Imagine we could go one line at a time, figure out what that line should be, and print it. An advantage of this method would be that we would only need O(N) space at any given time. Let's figure out how this would work.

For the zigzag pattern in the example, we can see that the letters in the top and bottom lines are each separated by spaces. What about the middle lines? Here it depends on whether the pattern is descending or ascending. When we are ascending, we should put 3 spaces after the second line and 1 space after the third line, but if we are ascending the reverse is true.

How do we account for the number of spaces b/w 2 chars in a row? The first pair that has 3 spaces has 3 characters b/w them. Similarly, the next pair has only 1 char b/w them. And it has only 1 space. You should be able to see why the number of spaces b/w characters is equal to the number of characters b/w them. This takes advantage of the property that every column will have only one character.

We know that the spaces between a pair will depend on three factors- the row we are in, whether we are going up on down, and the total number of rows (k). Using a few small test cases and these variables, we come up with the following rule.
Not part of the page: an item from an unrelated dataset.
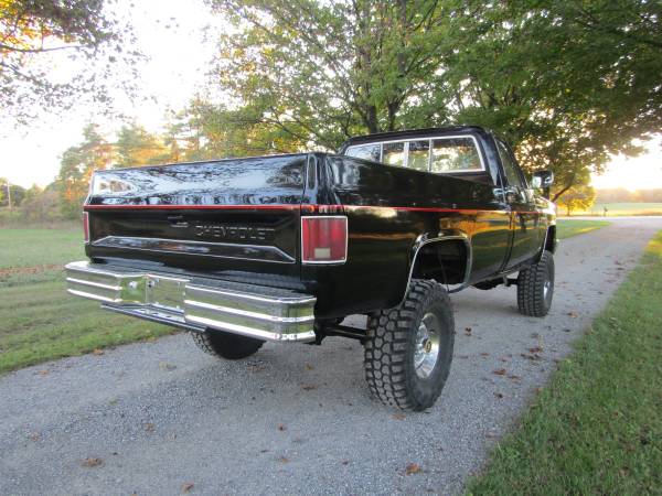 This super clean K-10 4x4 comes with many new parts. New paint, new Rough Country 4 inch lift, new 33x 12.5R15 tires, new shocks bumpers, seat cover, dash pad, spray on bedliner, plus more! 305V8, auto trans, air conditioning, rear sliding window. Odometer reads 40,700 miles. Truck runs, rides and drives like new. Check it out. $22,500. Please call me 585-26one-six627 with all of your questions. Please do not message me asking if it is still available, if you are reading this ad it is still for sale. Calling is the BEST way to get all of your questions answered, as I have a lot of items for sale, and do not have time to text back and forth. Thank you in advance.

def get_spaces(row, desc, k):
    max_spaces = (k - 1) * 2 - 1
    if desc:
        spaces = max_spaces - row * 2
    else:
        spaces = max_spaces - (k - 1 - row) * 2
    return spaces

This might seem tricky, but take a little bit of time to figure out how this works. I’m not sure how to explain my exact thought process for deriving this, since it was a lot of trial and error and building up from smaller test cases. If this makes absolutely no sense, and you want me to go through the steps I went through to figure out this rule, I can create a video for it. Let me know if that is something you would like.

Next, we work out how to figure out whether we are ascending or descending. Note that if we have five rows, we will be descending for the first four, ascending for the next four, and so on. This can be represented mathematically like so:

def is_descending(index, k):
    if index % (2 * (k - 1)) < k - 1:
        return True
    else:
        return False

These are the two major components of our solution. If we know the number of spaces between two chars in the same row (line), and whether we go up or down after this, we can effectively print our string line-line.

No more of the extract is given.